I tried Lexapro 6 years ago when I first attempted to work on this issue. I was prescribed some minimum dosage(I forget what). I will never forget the first day. I didn't feel happy or sad or even anxious. It was as if every emotion was stripped out of my head and instead it was replaced with perfect neutrality. Nothing mattered int he world anymore. I had no thoughts or opinions, just complete neutrality of thoughts and emotions. This also became my most productive week in years. The thought process was literally "Ok I have this task to do, let me do this task, I am done with this task, ok lets do the next task. Repeat until there are no more tasks." No breaks, no distractions were noticed while the task is being performed.
Unfortunately, the side effects were so bad I gave up after a week. Horrible nausea all the time. Such extreme fatigue that i'd sleep 16 hours and still feel exhausted.

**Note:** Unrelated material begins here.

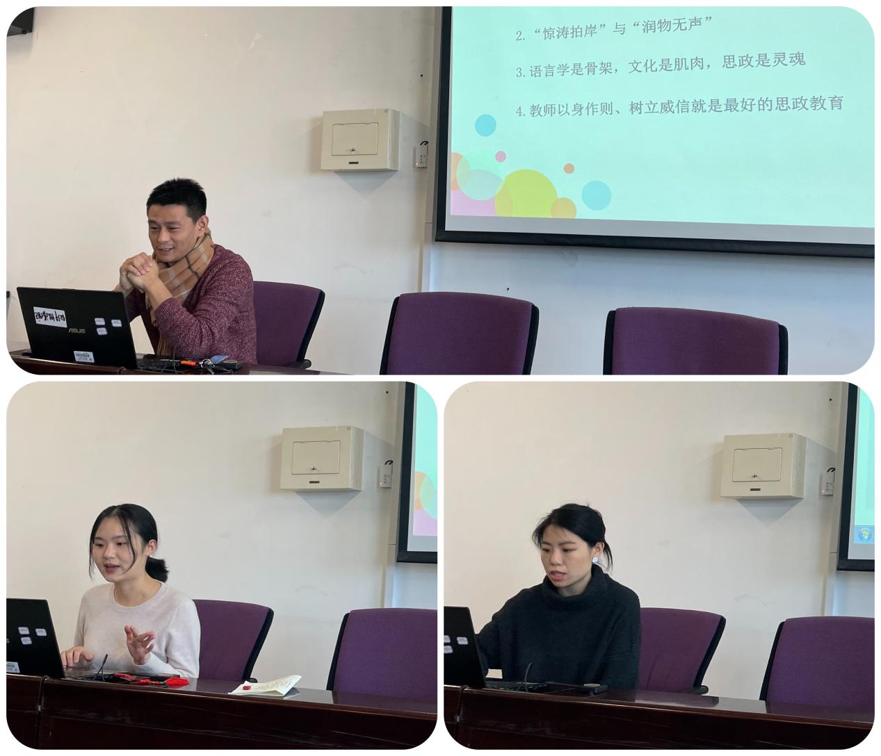 12月29日下午,我院在主C606召开研究生公共外语教研室课程思政研讨会。研讨会按课程语种分类展开,教研室各位老师围绕课程思政建设表达自己的认识、分享自己的经验。会议由副院长刘辉主持。全院教师线上线下共同观摩了研讨会。

Not to mention other side effects that are not appropriate to discuss here.
I am considering trying this nightmare of a drug again because I still remember that productivity but man that first experience literally felt like poison was seeping into all areas of my body.

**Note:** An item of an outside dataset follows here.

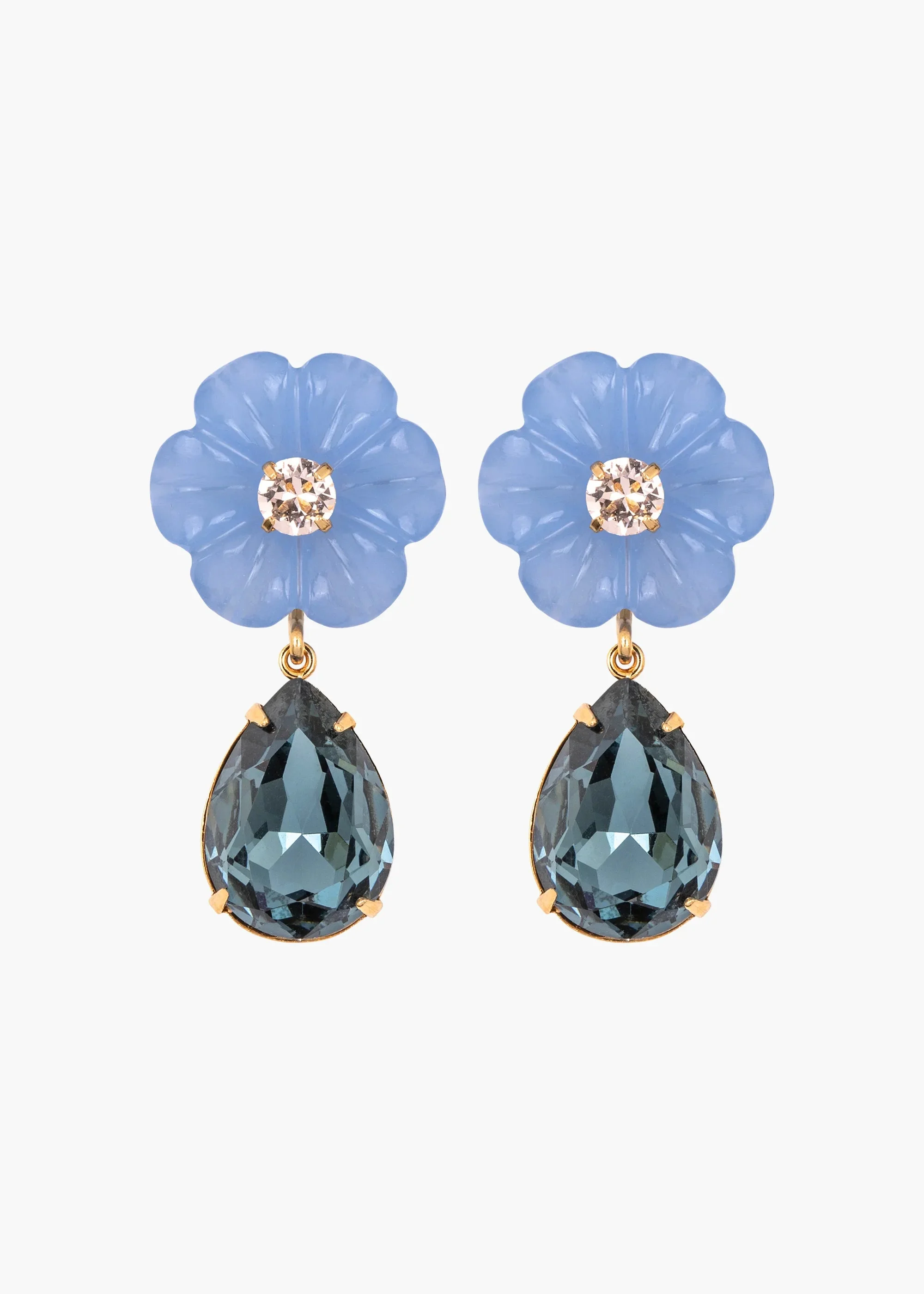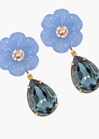 Playfully layering semi-precious gemstones with Austrian crystals, the Juna Earrings are romantic drops, featuring aquamarine, lemon quartz, or blue chalcedony. Made by hand in New York with an 18-karat gold-plated setting, the hand-carved detail on each flower highlights the unique inherent beauty of the organic material— due to natural variations, each pair is one-of-a-kind. The sparkling crystals stand in contrast to the semi-precious stones' ethereal translucence, the mix of transparency and opacity creating rich dimension. Dimensions: 1 5/8in x 3/4in Material The Juna Earrings are made by hand in New York from 18K gold plated brass and a hand-carved semi-precious stone flower with Austrian crystal drops and accents. All stones have natural variances in color and markings that make each one unique. They have a surgical-steel post, are nickel-free, and safe for sensitive skin. We recommend storing earrings in their dust bag while not in use, and avoiding contact with water, perfume, hairspray, and other chemicals.

Yeah that absolutely apathy is what kept me alive when I was so close to the edge.
But the side effects (and primary effects!) are also why I only ever stay on it for 3 to 4 months. The sexual side effects alone are enough to impede my recovery, let alone some of the other ones.
So I use it like a bandage to get through the worst parts, rather than a “take every day for years” drug. The “take every day” bit for me is CBT exercises to rewrite my mind, and it’s worked :)
The physical sides for Lexapro at least for me disappeared. I also got the nausea initially. It’s rough, I know.
There are other more modern SSRIs that might be worth trying too, but if escitalopram seemed to work then it might be worth trying to stick it out to see if the sides get better. They usually do
I gave up after the Lexapro until this year where I am trying to tackle this issue again with the Welbutrin. I keep reading that maybe ayahuasca or psilocybin might be the miracle key that solves the underlying issues.
Unfortunately, the side effects were so bad I gave up after a week. Horrible nausea all the time. Such extreme fatigue that i'd sleep 16 hours and still feel exhausted. Not to mention other side effects that are not appropriate to discuss here.
I am considering trying this nightmare of a drug again because I still remember that productivity but man that first experience literally felt like poison was seeping into all areas of my body.